Sarkaon fit la révérence, comme d' habitude. Il s'éloigna, en faisant bien attention à ne pas tourner le dos à son roi afin de ne pas se montrer irrespectueux envers lui.

Pourtant, alors qu'il avait sa main sur la poignée de la porte, le roi l'interpella :

- Bien sur, Sarkaon, vous remettrez les missives en mains propres. Et b'oubliez pas : un mois. Dans un mois, vous serez là, en compagnie des six autres rois.

UN mois !! Sarkaon avait cru qu'il lui suffirait de les rédiger, puis de les confier à des messagers royaux. Le délai lui semblait alors très raisonnable. Mais celai changeait tout : UN mois, un seul et unique mois pour se rendre dans les six contrées, les unes après les autres !

C'était des délais trop courts ! De la pure folie même ! Etait-ce donc si urgent que cela ? Cependant, il n'avait pas le choix :

Soit il réussissait... Soit il mourrait !

*

* * * * *

De retour du côté d' Araleth :

Celui-ci avait repris son chemin. Il était pressé d’arriver chez lui. C'est pourquoi il prit un raccourci, et tourna dans une ruelle sombre, mal famée. Cette ruelle, très peu fréquentée par les gens normaux, était le point de rencontres des bandes de bandits.

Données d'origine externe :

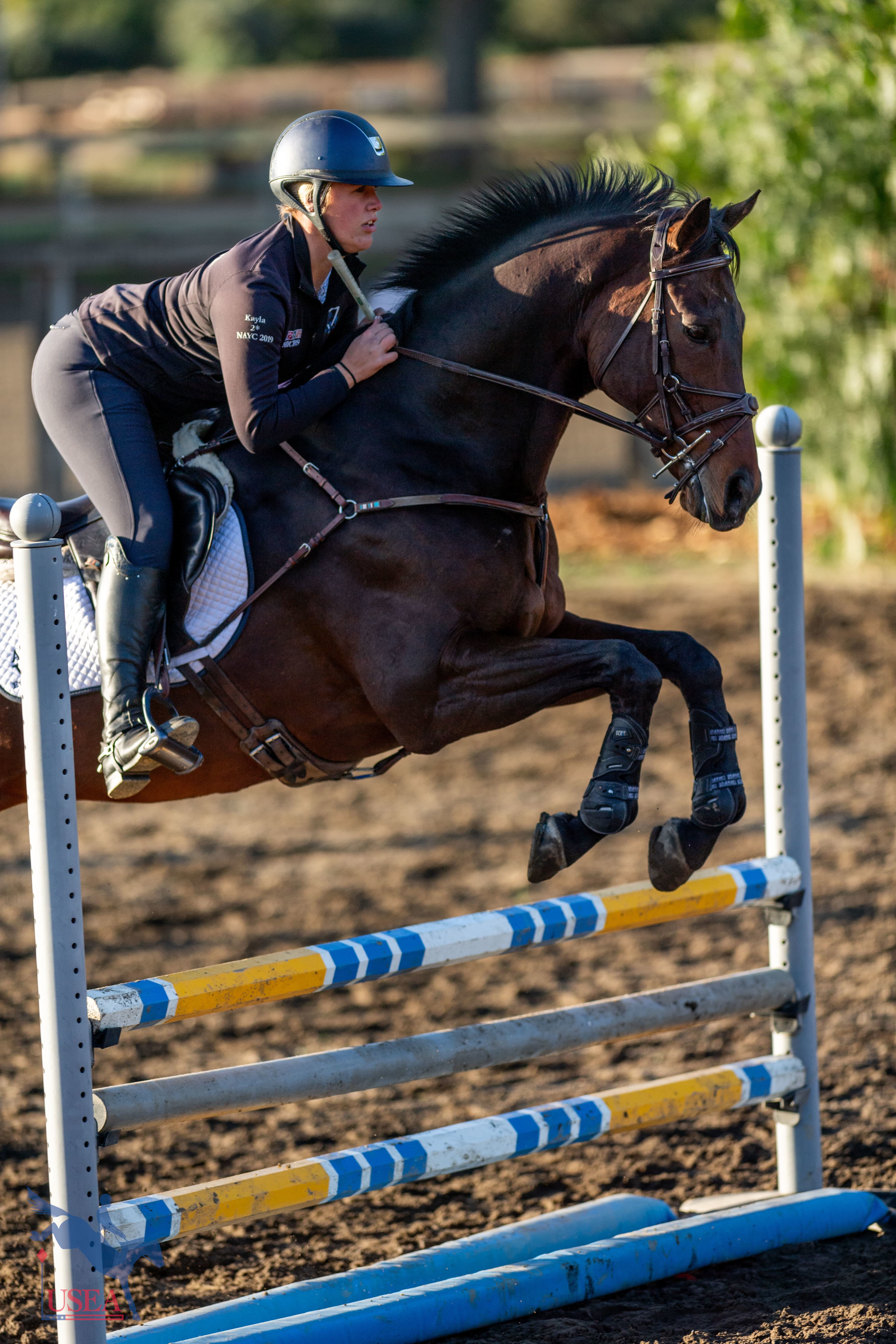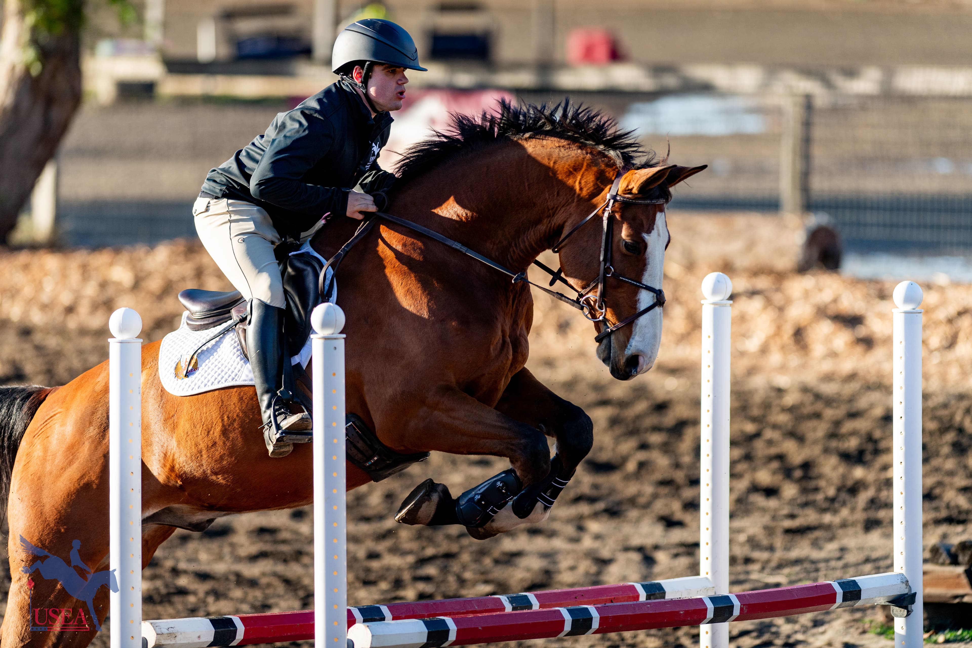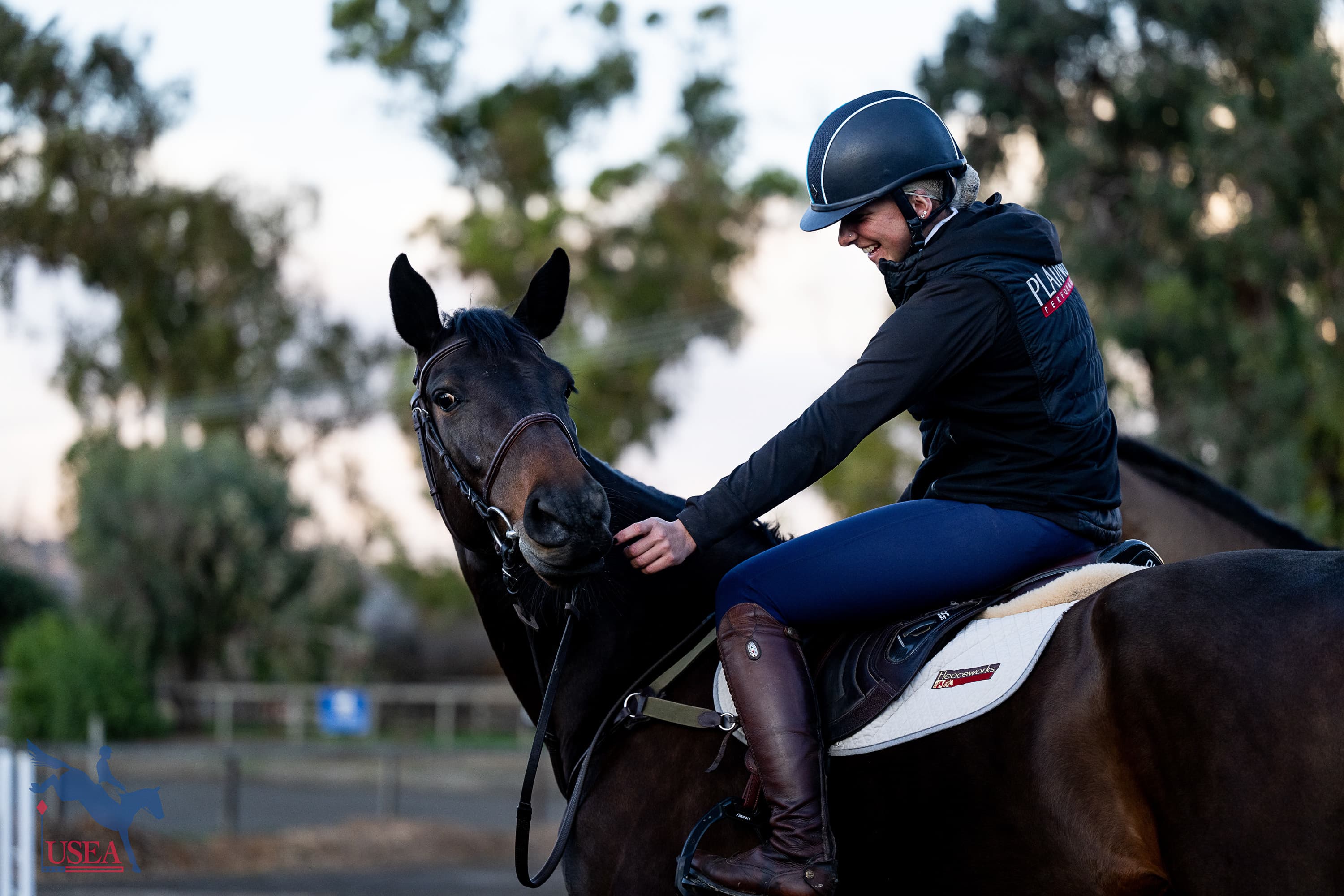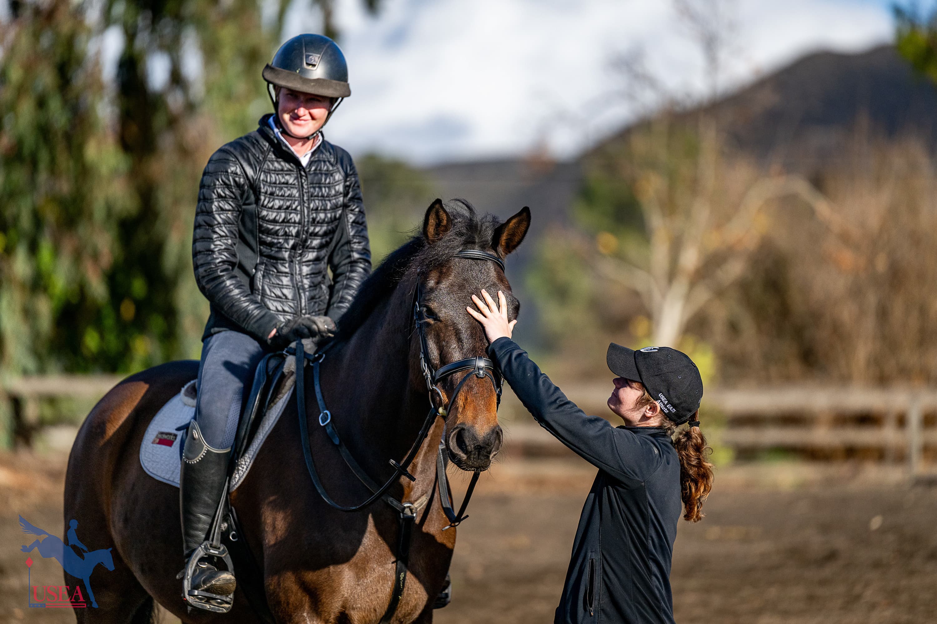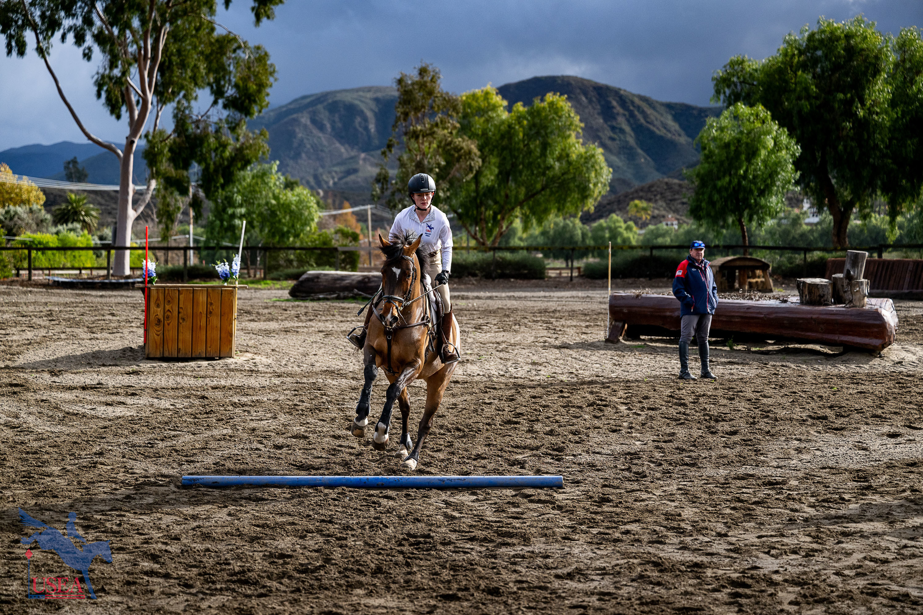 Temecula, Calif.—Jan. 3—Horsemanship and show jumping fundamentals were on the docket of day 2 of the USEA Emerging Athlete U21 National Camp at Kingsway Farm. From grooming to farrier techniques to course design questions to the concept of “next,” no stone was left unturned.
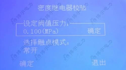 進入“選擇觸點模式”菜單后用飛梭可以選擇密度繼電器的觸點模式,有“常開”和“常閉”兩個選項。注意:觸點模式是指密度繼電器非帶載的狀態。設置完成后旋轉飛梭到最下面的“確定”選項,按“飛梭確定鍵”進入下一級菜單。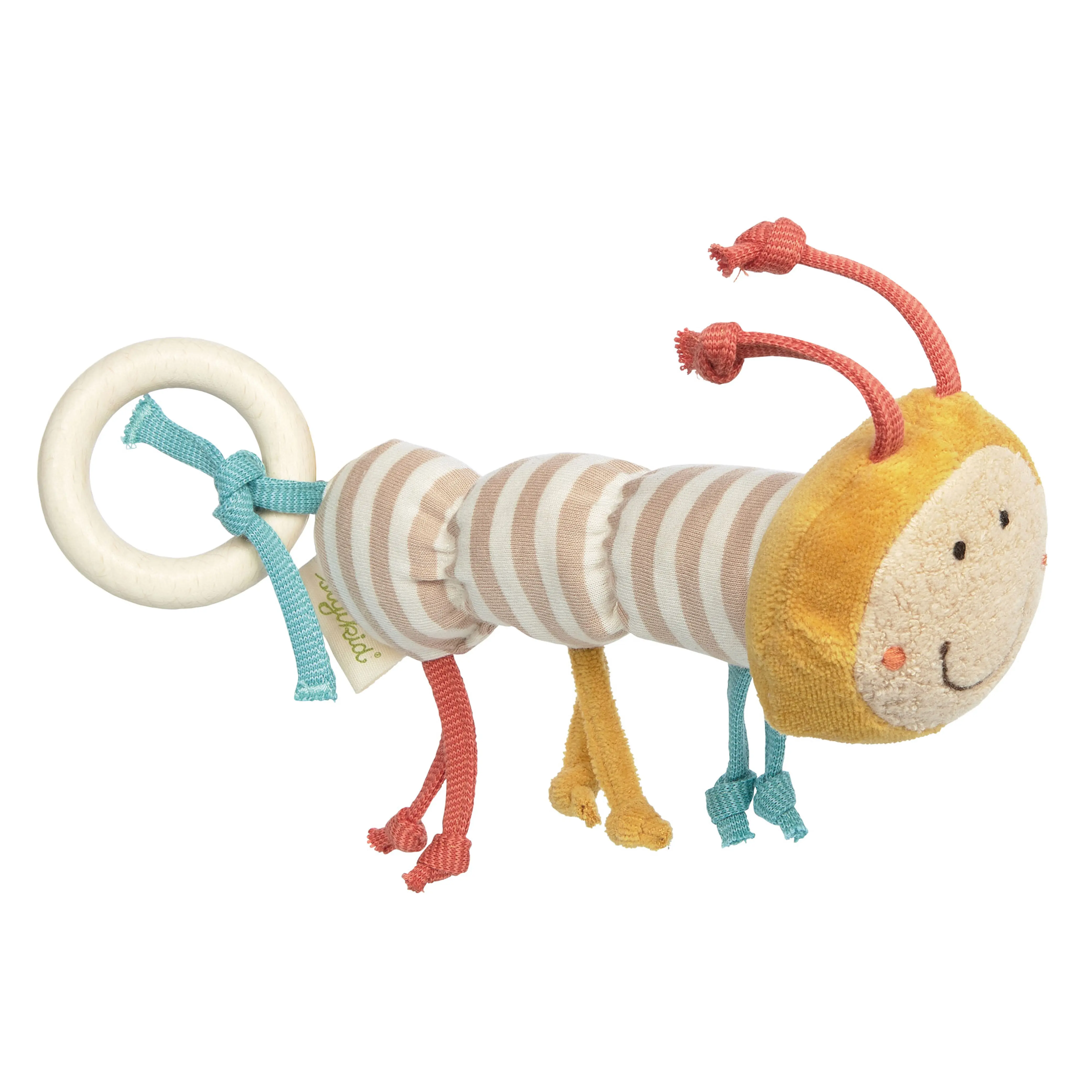 Should your baby's first toys be made of ecological materials? Then the Green collection from Sigikid is just right. All the different fabrics of this little rattle caterpillar are made of soft organic cotton, filled with new wool. The attached play and teething ring is made of smooth beech wood and is the perfect size for small baby hands.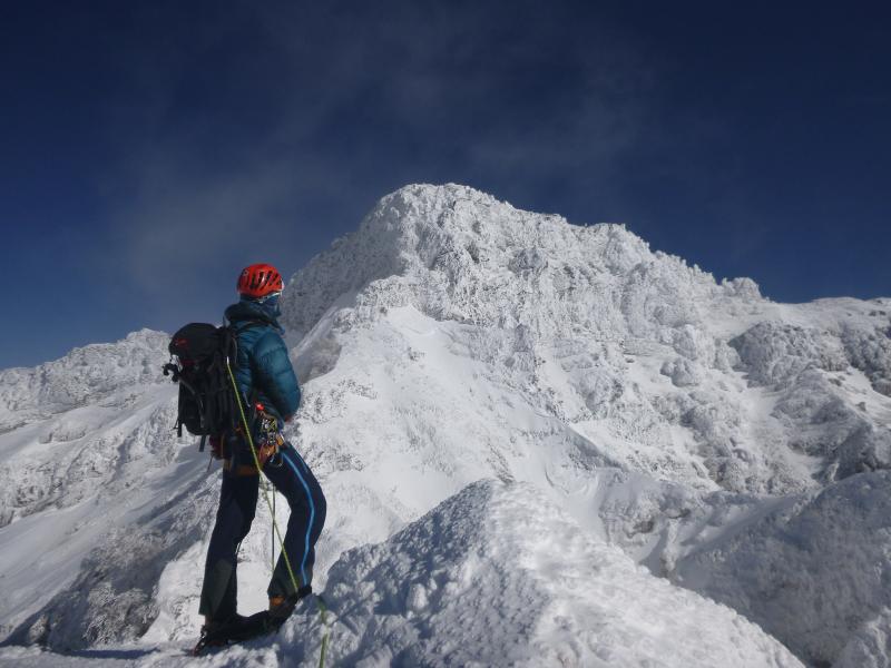 小同心の頭からは横岳主峰基部へコンテで移動し1Pのクライミングで山頂に出ます。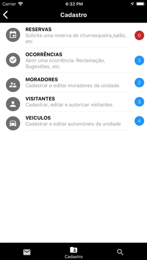 - Reservas de áreas comuns (Churrasqueira, Salão de festa, etc)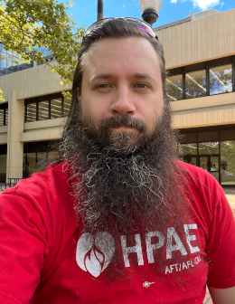Hi, I’m Justin, and I’d be honored to be your rep. I’ve been a part of our union for all three years I’ve worked at Rutgers, and in the research committee for a little over a year now! I work for CINJ in the population science department based out of 120 Albany Street. I’m a fourth-generation union member, with my father, grandfather, and even great-grandfather holding leadership positions at IBEW Local 164. I hope to bring the same effective and compassionate leadership to HPAE by strengthening our organization and building both community and camaraderie in the research departments and beyond. I’m a scientist at heart, and that means I won’t hesitate to experiment, listen to feedback, and do whatever it takes to find the best results for all of us! Thank you for your time and consideration.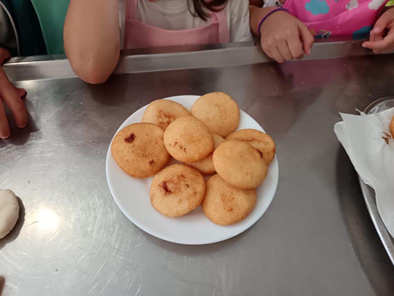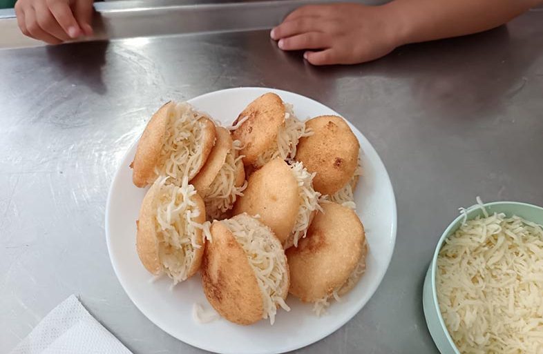 Arepas venezolanas, descubriendo la gastronomía de países latinoamericanos y practicando la mise en place, ordenando ingredientes.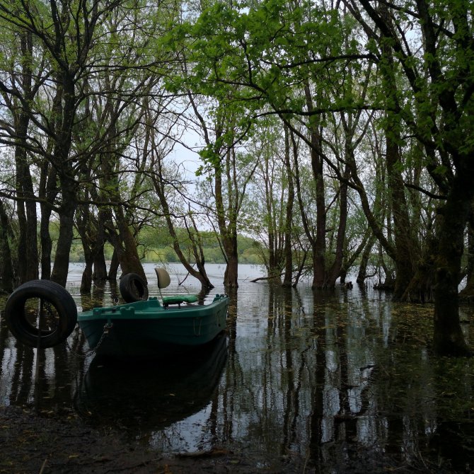 Aan het meer kies ik niet voor de GR145/via Francigena met zijn aangelegde kades. Wel voor de pure natuur weg van toerisme. Wat een rust. Langs het water vissers in hun tent. Een boot die dobbert en een man geknield met een soort kijker waarmee hij in het water kijkt. Een tent en twee jongeren voor een schermpje. Een oudere vrouw ligt languit te rusten. Aan haar voeten rubberlaarzen. Waw, wat een mooi stuk ongerepte natuur.
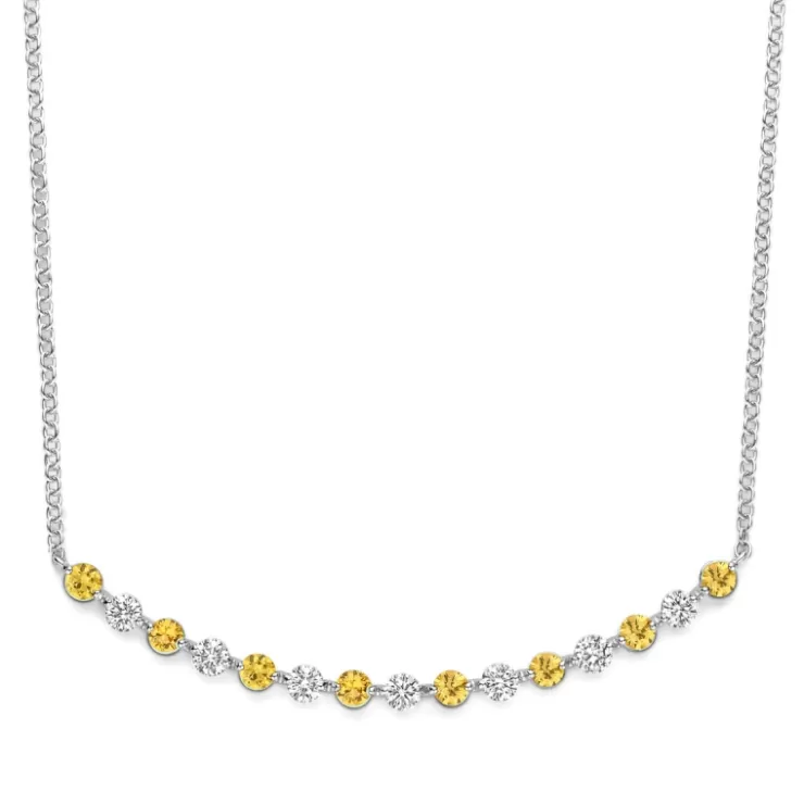 Ischia Basics necklace in 18K white gold with yellow sapphire and diamonds.
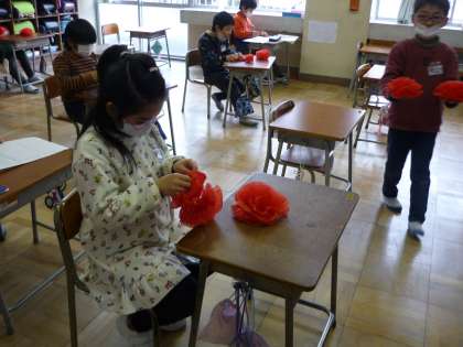 役割分担をしながら、丁寧にてきぱきとお花作りに取り組みました。

Araleth savait qu'il n'aurait pas du l'emprunter, mais cela avait été plus fort que lui. Et puis, il ne faisait pas encore nuit. Il savait se défendre alors à quoi bon paniquer. Araleth avait confiance en lui... Peut-être un peu trop même….

Tout se passe extrêmement vite. Araleth senti un coup derrière la nuque, il commença a défaillir. Un coup de poing au ventre : il tombe à terre. S'ensuivit des coups de pieds, alors même qu'il était allongé, sans moyen de défense…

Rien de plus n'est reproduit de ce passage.